While it sounds counter-intuitive leaders are often managing performance in a way that achieves the opposite of the result they want.  In other words, they unwittingly reinforce poor performance.  For example, it’s too hard to try and encourage an employee to take on a new responsibility so they give it to someone more receptive.  Such behaviour reinforces that behaviour by saying it’s ok not to take on new responsibilities.  Equally, the other team member gets “punished” for being open and receptive by getting even more work to do.  They may think twice about being so open and receptive in future.

6.  They are uncomfortable and lack confidence in holding conversations about performance with their employees, especially difficult conversations with underperformers, not wanting to be seen as “nasty”.

Difficult conversations don’t get any easier by not having them.  In fact, they get more difficult.  Leaders need courage and to get whatever training and support they need.

7.  They adopt a problem-focussed, deficit-based approach to managing performance which leaves employees feeling demotivated and downhearted. 

A more effective approach is to focus on what’s wanted i.e. what success looks like and on what’s going well.  Such an approach leads to a positive and pragmatic way that engages employees and keeps performance discussions simple but productive.

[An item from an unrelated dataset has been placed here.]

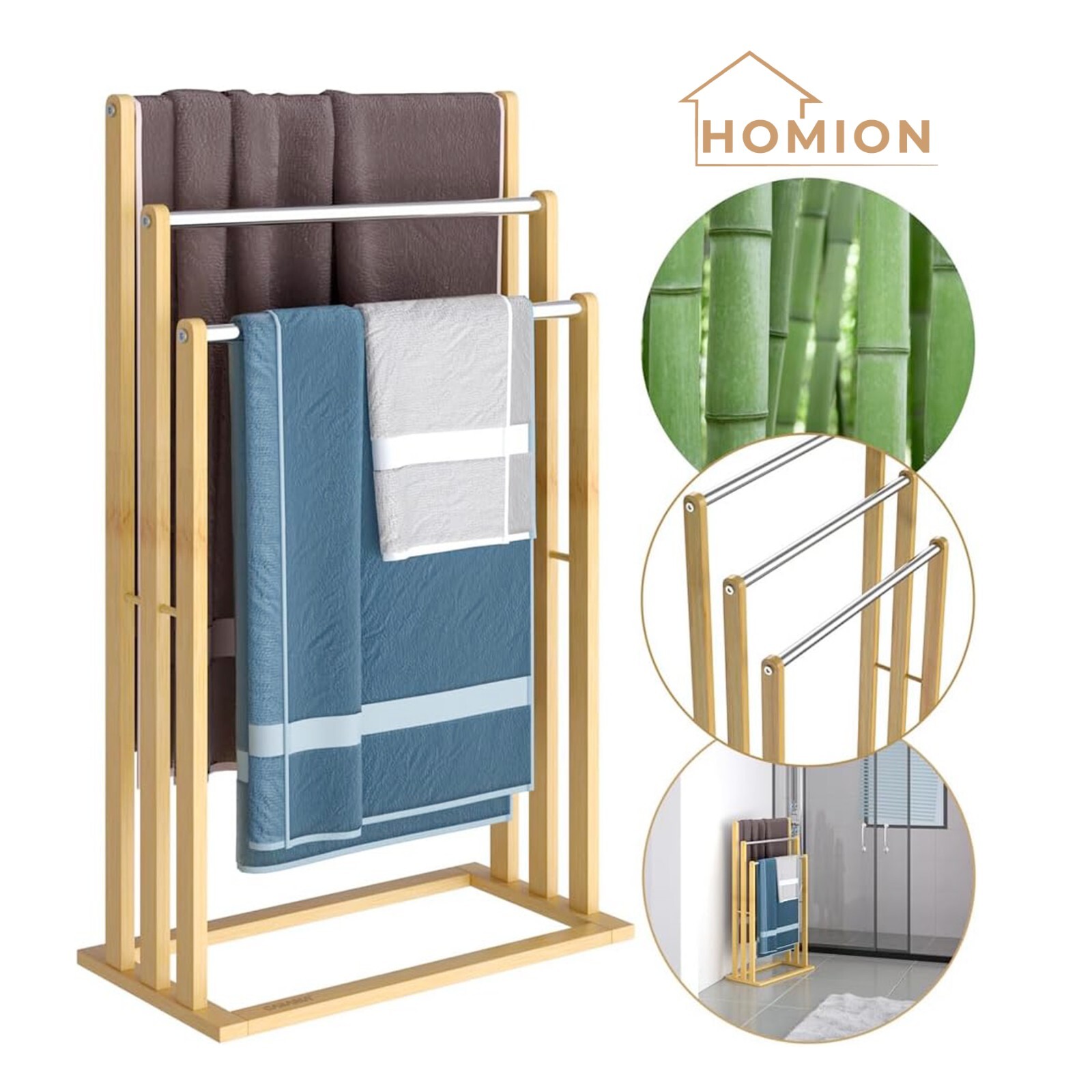 Bamboo Free Standing Towel Rail Rack Bathroom Drying Stand & Storage Organizer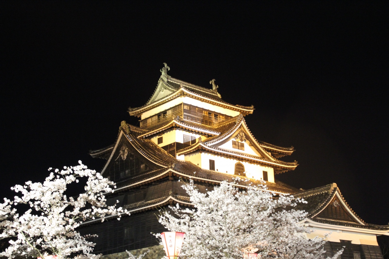 松江市内の小高い丘の上に城があり、桜の開花時期にはライトアップされ桜まつりが開催されます。日本さくら100選のひとつでもあります。昼間とライトアップされた夜では雰囲気が違いますので両方見に行くことをお薦めします。

8.  They either beat about the bush in giving feedback about areas for performance improvement so the employee doesn’t realize there is an issue or give the feedback so directly that the employee feels bullied and harassed.

Managers need to prepare well, get training in how to give feedback and practice delivering the messages in a way that has the desired impact.

9.  They provide no praise or positive reinforcement for desired results, behaviours or progress mistakenly believing that employees should not be rewarded for what is expected of them.

Employees don’t stop performing well because you praise them for doing a good job.  Quite the opposite.  So if managers want improvements in performance, they need to make sure employees get something positive out of it.  A genuine, sincere, heartfelt compliment can achieve wonders.

How good are your leaders at managing performance and developing their employees?  Do any of these ring true?  What steps can you take to improve effectiveness?